There is record of a student being publicly whipped for blasphemy in 1674. The chastisement was preceded with a prayer.

Christopher Dock, who is reputed to have published in 1750 the first book on teaching in what was to become the United States of America, described his methods as follows:

When all the little ones have recited, these [those who have not been able to recite the scripture passage] are asked again and any one having failed in more than three trials a second time, is called "Lazy" by the entire class and his name is written down. Whether such a child fear the rod or not, I know from experience that this denunciation of the children hurts more than if I were constantly to wield and flourish the rod...
Where the Lord does not help build, all that build work in vain. The slap of the hand, hazel branch and birch rod are means of preventing a wicket outburst, but they cannot change the stubborn heart, which holds us all in such a sway since the fall, that we are all inclined more to the bad than to the good, so long as the heart is unchanged and not renewed by the spirit of God. But while the seed of wickedness is present, remove it, not only from ourselves, but from our fellow man and from our youth. (edited by Knight and Hall, 1951, 32)



3.6 Summary

The educational dimension of the Renaissance was restricted to a few schools and a few writers. The rediscovery of Classical writers such as Quintilian helped stimulate a more humane approach to teaching methods, first in Italy with Vergerio, Vittorino and Guarino, all practising schoolmasters.

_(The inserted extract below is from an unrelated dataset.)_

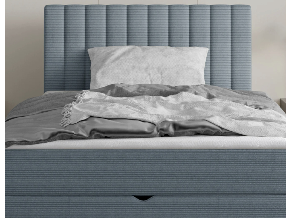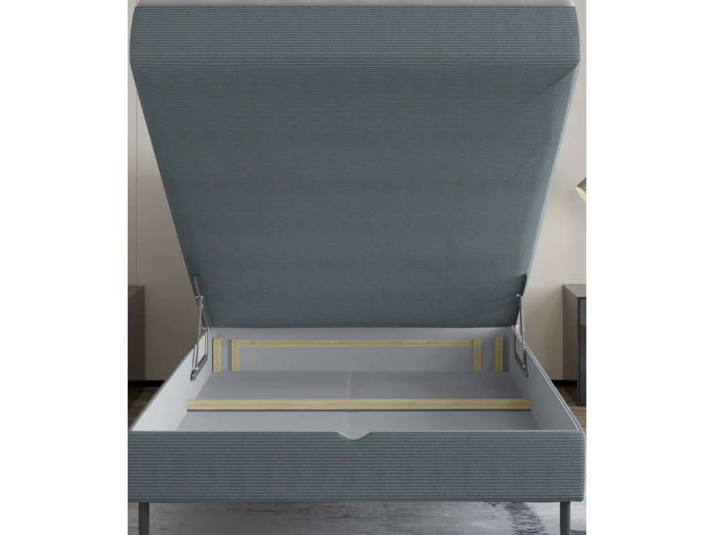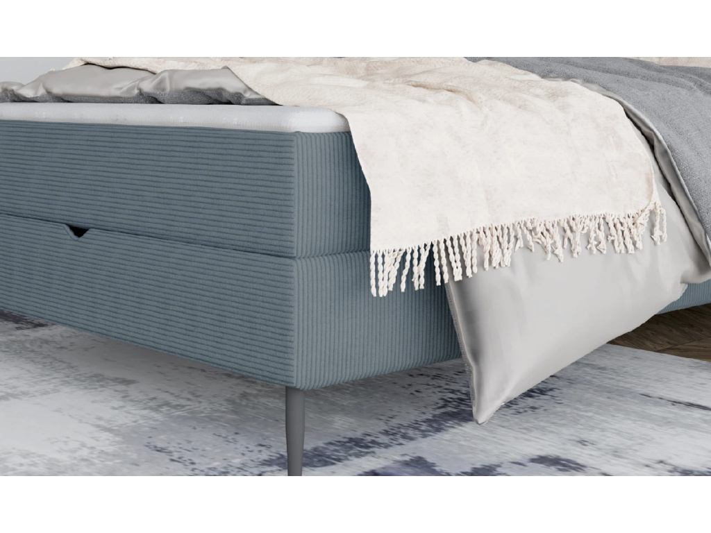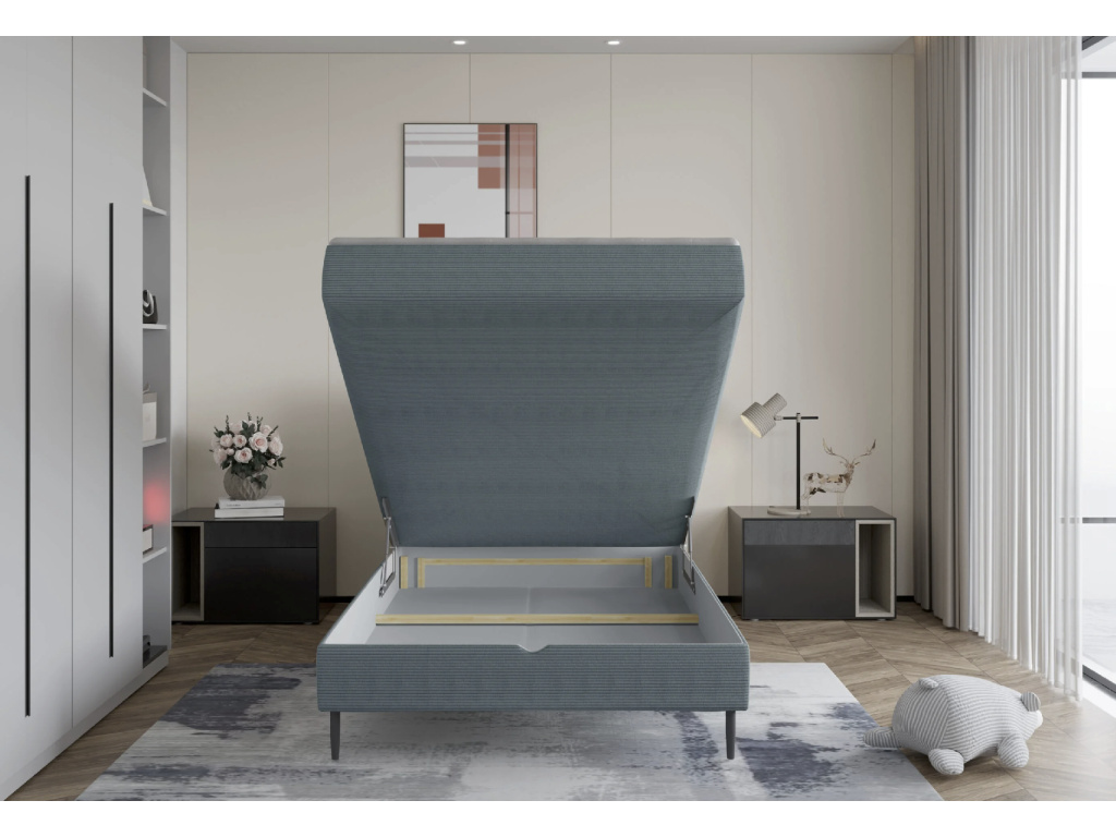 Čelo postele je čalouněné a zdobené svislými prošíváními, což celé posteli dodává moderní vzhled a zároveň zvyšuje pocit pohodlí. Součástí postele Nepo je zvedací rám, který umožňuje snadný přístup k prostorné nádobě na lůžkoviny umístěné pod matrací. Tento inteligentní úložný prostor nabízí praktické řešení pro ukládání ložního prádla, polštářů nebo sezónního oblečení, čímž pomáhá udržet ložnici v pořádku.
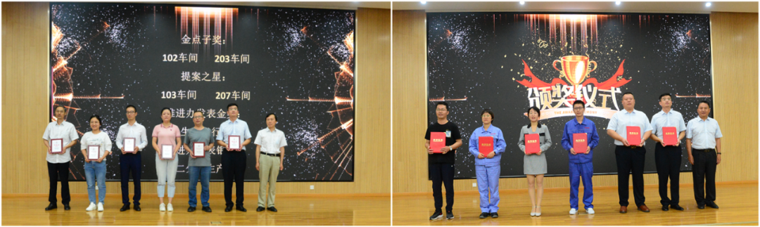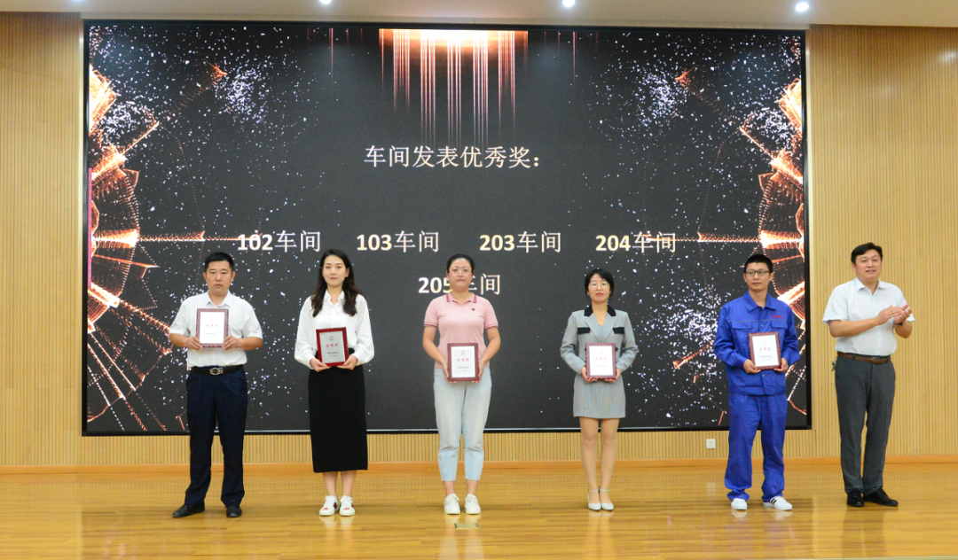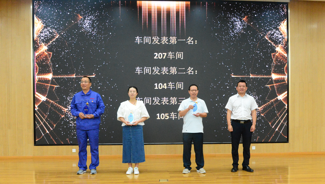 經過激烈比拼,最終207車間、104車間、105車間分別榮獲精益成本革新活動年度評比前三名。會上還評選出4名最佳精益組長、2名最佳指導員和4名提案之星。

In the north, those notable and influential writers, Erasmus and Montaigne, strongly denounced the physical cruelty which characterised the treatment of children. Most of the Protestant leaders, with their literal interpretation of the Old Testament edicts, accepted corporal punishment as the appropriate method of saving the child from his inherited evil tendencies. A significant exception to this was Comenius who denied the efficacy of chastisement in motivating children to learn; he did, nevertheless, accept it as a final resort for moral purposes.

Organised Catholic orders originating in France, particularly the Jesuits and the Christian Brothers of de la Salle, organised teaching methods to a much more subtle degree than had previously been attempted. While the control of the child was extremely important, the crude method of physical violence was kept to a minimum, and later outlawed, at least in theory, in their schools. Continental schools were later to be a contrast and an example to the schools in the English-speaking world in this matter.

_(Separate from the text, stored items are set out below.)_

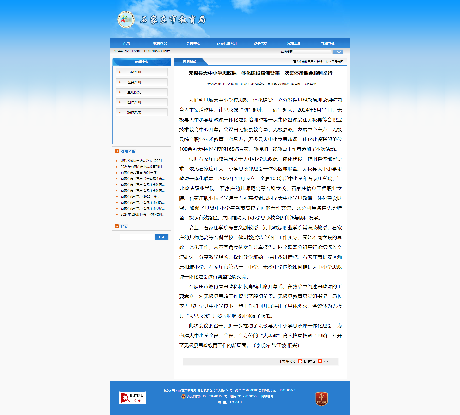 根据石家庄市教育局关于大中小学思政课一体化建设工作的整体部署要求,依托石家庄市大中小学思政课建设一体化区域联盟,无极县大中小学思政课一体化联盟于2023年11月成立,全县100余所中小学和石家庄学院、河北政法职业学院、石家庄幼儿师范高等专科学校、beat365中文官方网站、石家庄职业技术学院等五所高校组成四个大中小学思政课一体化建设联盟,加强了县级中小学与省市高校之间的合作交流,充分利用各自优势特色,探索有效路径,共同推动大中小学思政教育的创新与协同发展。
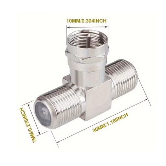 Conector F Macho a Doble F Hembra en Forma de T – Divisor de Señal Coaxial
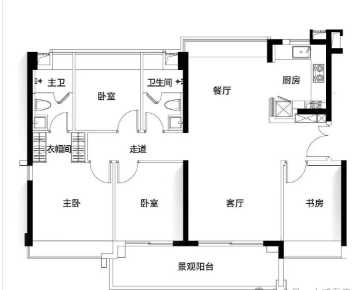 约121㎡四房户型:南北对流,四开间朝南,阳台开间达6.4米。主卧室带有衣帽间设计,卫生间干湿分离。书房可灵活用作老人房或儿童房。
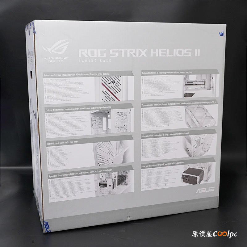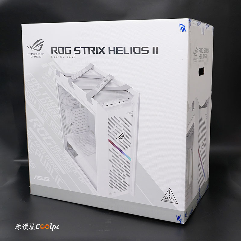 外盒採用白色搭配 ROG 電馭 LOGO 組成,上方為機殼型號,ROG STRIX HELIONS II,正中間則是機殼實體樣貌,右下角還有一個鋼化玻璃注意事項,搬運時請小心輕放。
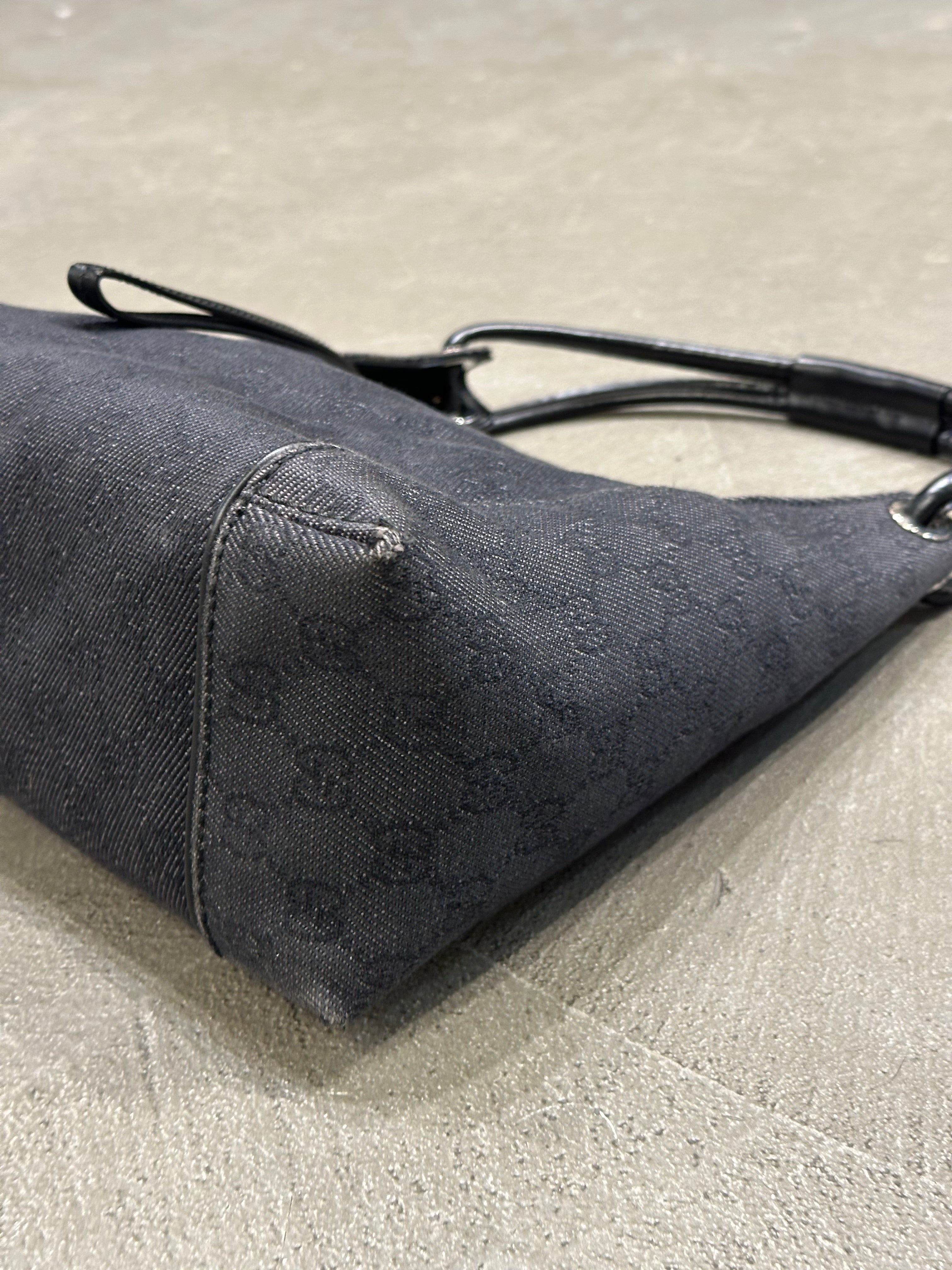 This Gucci shoulder bag from the 2000s is crafted in the house’s iconic GG monogram canvas, featuring a compact yet functional silhouette emblematic of the era. Designed with a softly structured body, it is finished with a curved leather shoulder strap and subtle leather trim that adds depth and contrast to the all-black canvas. The minimalist shape and understated branding make it a versatile archive piece, easily wearable both day and evening.

There was an unfulfilled hope in the 16th century, with Mulcaster and particularly Ascham, that England would develop less rigorous teaching methods. Occasional protests, either directly or in satirical literature, were made against the brutality of the English schools in the following two-hundred years. John Locke opposed the use of punishment in the learning situation, but he also reinforced the general English belief in the need for a "hardened" character. This public belief in, and acceptance of, physical pain, plus the lack of any regulations which set down minimum standards of acceptable practices, allowed the schools of England their freedom to continue ancient practices undisturbed by outside interference.